The data present in the slides as well books had many pronouns like “It”, which made the generation of questions difficult for the system as the system was unable to form a link between multiple “It” and original reference, this is described later in the challenges as well. So for my model, I had to manually change those pronouns like “It” to the given original reference so that my system is able to generate appropriate questions.

VI.        Fine tuning of Data

The data which I used for testing the system had many inconsistencies as well. Lets discuss them in detail.

A.    Extracting data from Images

The data that I was using had power point slides and flow charts and images with textual information.

In order to generate questions from the flowchart and images having textual information, I had to write a python script to extract the textual information from the images. Along with the algorithm, I made use of pdf reader package of python to enhance the extraction process from images.

B.    Incomplete sentences in  slides

The slides many times had data presented in tabular format as well as incomplete sentences giving references to books and papers. In order to fetch the data correctly, following steps were used:

  1. Extract the data from slides and tables
  2. Store the incomplete sentences in a file
  3. Search for that given sentence in the reference paper
  4. Extract the complete sentences along with previous and next sentences from the paper
  5. Replace incomplete sentence with the result obtained in (iv)

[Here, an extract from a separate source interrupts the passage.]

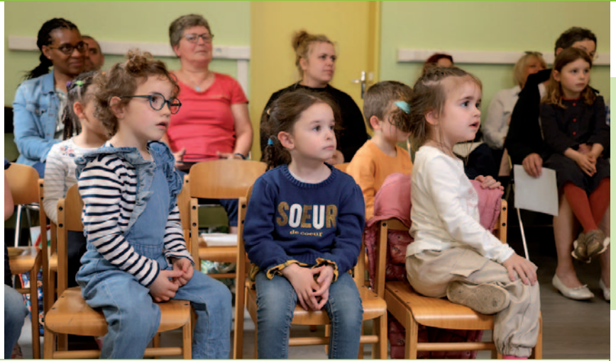
L'Heure du Conte pour les petits à la Médiathèque Marcel Wacheux - 15/05

C.    Manual editing of the sentences

Many sentences had references to keywords using terms like “His”, “Her”, “It” but it is difficult for the system to create relevance for all such terms so I manually edited various sentences by replacing those pronouns with actual keywords.

VII.       Question Generation Algorithms

In the system, there are various questions that I have tried to create and test with, right from fill in the blank to Wh- and true false questions. Each of them have been discussed in detail for better understanding

A.    Fill in the Blank Question

Fill in the blank questions is one of the most common type of questions that a student encounters during the quiz or exams.

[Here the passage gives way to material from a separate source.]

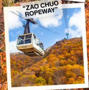
"ZAO CHUO ROPEWAY"

วันเดินทาง 30 ต.ค. - 5 พ.ย. 2569 4 - 10 พ.ย. 2569
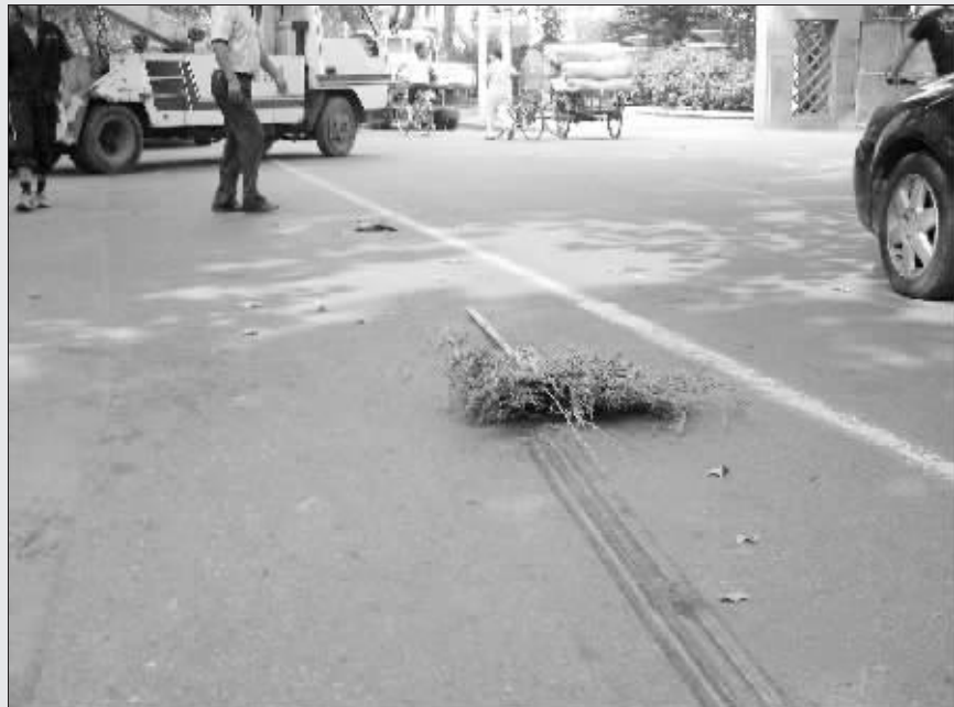
事故现场留下一把扫帚

昨天下午1点50分左右,江宁路车辆较少,秦淮区环卫工老方拖着扫帚,缓缓穿越马路。突然,一辆卡车疾驰而来,避让不及的老方被撞飞,头部重重着地,鲜血汩汩而出。截至记者昨晚发稿时,他仍未脱离生命危险。

For Fill in the blank type of questions, the key point was to be able to identify the correct gap for which the blank needs to be created.

The algorithm followed for creating gap is as follows:

a)  Train the model with predefined questions and gap

b)  Use Natural language processing to identify the verbs, pronoun, noun.

c)  Eliminate the stop words from being used as gaps

d)  Give priority to Numbers/Places for gap creation

Using the above approach, I was able to create the gap filling questions as seen in Figure [2].

Figure 2: The fill in the blank question generation

The original text from which the question in Figure [1] was generated is “Insider is someone with access right to the system”.

Having a first glance at it, it looks like the code did a pretty good job, but I wanted to try to create all possible type of questions from a given sentence and then rank them based on good, bad and ok type of questions.

The algorithm for implementing the above-mentioned scenario is as follows:

  1. Train the model on set of questions, gaps and ranks associated with it
  2. Take the text as input and process each sentence at a time.
  3. Identify important keywords in the sentences and try to create gaps for the same.
  4. Display all possible sentences.

Gap Selection from the sentence is another important aspect. To identify the gap, employ Stanford parser to extract NP (noun phrase) and ADJP from important sentences as candidate gaps. Step wise approach is as follows:

a) Extract nouns, np, adjp from tree object

b) Using the topically important sentence extract the key gaps

c) Use lambda function and training data set to identify potential gaps

For ranking the questions into good, bad and ok category of questions, I took various other features also into consideration. Features like how many words does the blank have, how many stop words does it contain, frequency of occurring words and punctuation marks. Based on these features I tried to automatically also rank the questions which are created as seen in Figure [2].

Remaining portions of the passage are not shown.